11.        Related Parties

 

During April 2021, we entered into consulting agreements (retroactive to September 1, 2020) with Nicole Steinmetz, Ph.D., acting Chief Scientific Officer, Jonathan Pokorski, Ph.D. (Dr. Steinmetz’s spouse), and Steve Fiering, Ph.D., each a co-founder of Private Mosaic and greater than 5% shareholder of the Company (“Related Parties”), for their scientific contributions towards advancing the technology platforms, in the monthly amounts of $5,000, $2,500, and $2,500, respectively. During the year ended December 31, 2022, we incurred related party consulting expenses for Dr. Steinmetz, Dr. Pokorski, and Dr. Fiering in the aggregate amount of $60,000, $30,000 and $30,000, respectively, included in research and development expenses in the accompanying consolidated financial statements. Pursuant to the consulting agreements, Dr. Steinmetz, Dr. Pokorski, and Dr. Fiering are initially paid 15% of their monthly amounts up and until the Company is able to raise at least $4 million in new funding. In exchange for the deferral of consulting payments, the Company agreed to grant each of the Related Parties RSU’s with a fair market value equal to 20% of their deferred cash compensation as of the closing date of the financing (the “20% Deferral”).
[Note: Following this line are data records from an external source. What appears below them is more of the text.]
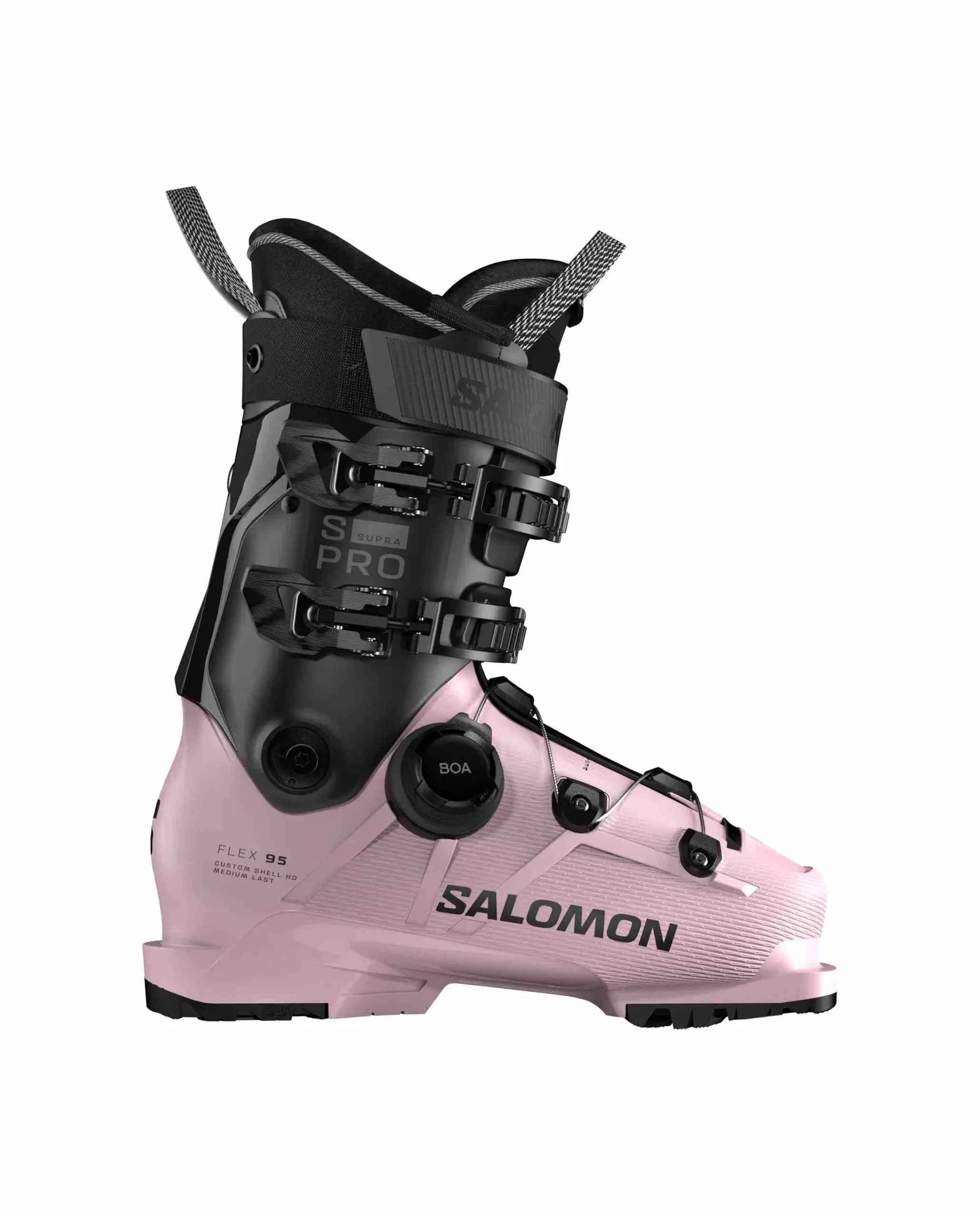 Salomon S/Pro Supra BOA 95 Women’s Ski Boot.Designed for women looking for an easy way to adjust foothold and performance throughout the day, Salomon’s Supra BOA® 95 challenges traditional boot constructions to give you a new standard of perfect fit. Featuring the BOA® Fit System, it offers more consistent foot-wrapping for more comfort and control on the slopes.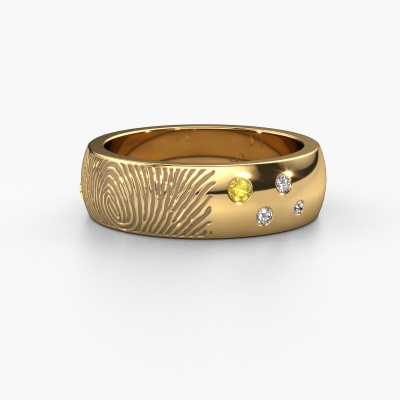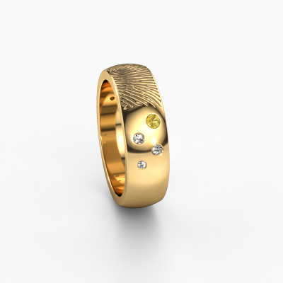 Qu'y a-t-il de plus unique qu'une empreinte digitale ? C'est la raison pour laquelle cette alliance pour unisexe en or jaune avec saphir jaune est si spéciale. La propre empreinte de votre amoureux, gravée dans le symbole de votre amour éternel l'un pour l'autre. Que pensez-vous de la beauté de pouvoir mettre cette alliance modernes au doigt de votre partenaire le jour de votre mariage ? Comment ça marche ? Vous commandez d’abord l'alliance que vous souhaitez et comme vous la souhaitez. Après l'avoir commandée, envoyez-nous un email avec l'empreinte digitale. Comment vous pouvez le faire : vous pouvez le lire au bas de cette page de notre base de connaissances. La largeur de cette alliance est de ±6 mm. Une fois que vous aurez composé votre bague, notre créateur de bijoux se mettra au travail. Il fera un dessin en 3D de votre alliance. Nous pouvons également utiliser ce dessin pour créer une bague factice. Vous aurez la possibilité de commander cette bague factice pour que vous puissiez voir à l'avance comment votre bague sera. Par la suite, notre orfèvre qualifié fabriquera votre bague dans notre atelier. Nous utilisons de l'or issue du commerce équitable, de telle sorte que vous puissiez obtenir une bague dont nous sommes fiers de sa composition et de son apparence. Vous pouvez également nous remettre votre propre or. Parce que nous fabriquons votre bague à la main, nous pouvons en effet utiliser votre propre or. Notre objectif est de créer une belle alliance brillante comme vous le souhaitiez !Au fait, vous pouvez être inspiré par cette bague et l'ajuster ultérieurement à votre goût. Préférez-vous un anneau plus mince ou plus large ? Préférez-vous une bague plus brillante ou mate ? Tout est possible. Aussi, si vous avez une idée de vos propres alliances extraordinaires, ou si vous avez vu un bel ensemble ailleurs qui vous plait beaucoup et que vous souhaitez personnaliser à votre goût : pas de problème ! N'hésitez pas à nous contacter. Nos designers se feront un plaisir de discuter de vos possibilités avec vous !Puisque nous concevons et livrons nos propres alliances, nous sommes en mesure de vous proposer une alliance à un prix que vous ne pourrez pas trouver ailleurs. Une alliance est fabriquée sur commande, ce qui permet d'éviter les excédents de matériel et nous permet de vous proposer une superbe offre de prix. Nous comprenons qu'acheter votre alliance en ligne soit un risque, mais nous vous assistons volontiers dans le processus de conception, en tenant compte de votre budget.Pour vous faciliter la tâche, vous pouvez facilement nous retourner tout bijou commandé dans les 30 jours suivant la livraison.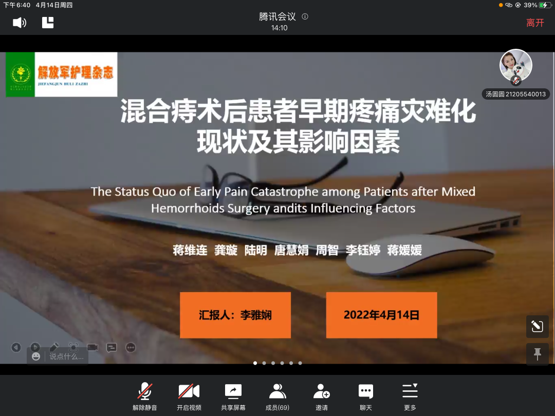 李雅娴同学分享的文献为《混合痔术后患者早期疼痛灾难化现状及影响因素研究》,她主要从疼痛灾难化的概念、统计学方法、相关测量工具及评分标准、混合痔术后患者早期疼痛化现状及其影响因素等方面进行分享。通过她的详细论述,同学们对疼痛灾难化有了进一步的认识,激发了同学们深入探究的兴趣。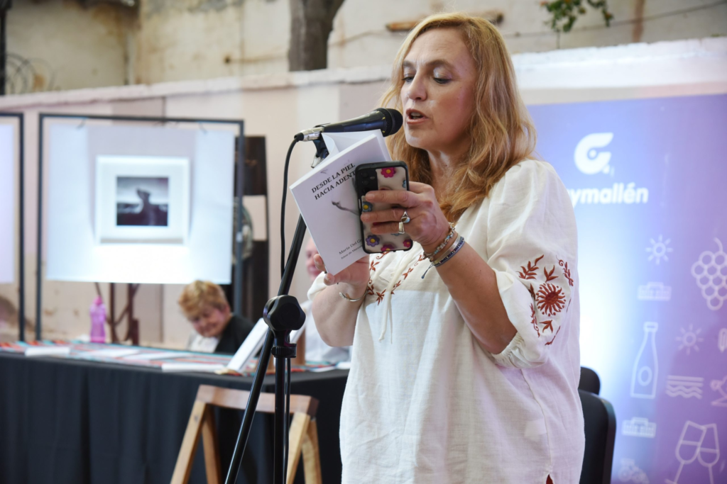 Presentación de “Desde la piel hacia adentro” en Salas de Arte Libertad, donde María del Carmen Capdepón compartió su obra junto a Marcelo Piazzoli y Eliana Dajer en un emotivo encuentro cultural.Foto Prensa Guaymallén.

The number of RSU’s to be granted will be calculated based on the closing price of the Company’s common stock on the closing date of the financing and will vest one-year from the date of grant. There was no share-based compensation expense recorded for years ended December 31, 2022 and 2021 pertaining to the 20% Deferral as the terms are unknown and are based on a future performance trigger. As of December 31, 2022 and 2021, we have accrued $238,000 and $137,500, respectively, in accrued consulting fees provided by the Related Parties, which amounts are included in accrued consulting in the accompanying consolidated balance sheets.

 

In addition, on May 7, 2021, we entered into convertible note purchase agreements with five (5) accredited investors, including three (3) members of our Board of Directors that participated on the same terms as other accredited investors, in the aggregate principal amount of $575,000. Of such amount, the three members of our Board of Directors invested $225,000 in aggregate (see Note 7).

 

Moreover, on February 18, 2022, we entered into convertible note purchase agreements with sixteen (16) accredited investors, including five (5) members of our Board that participated on the same terms as other accredited investors, in the aggregate principal amount of $341,632. Of such amount, the five (5) members of our Board invested $155,000 in aggregate (see Note 7).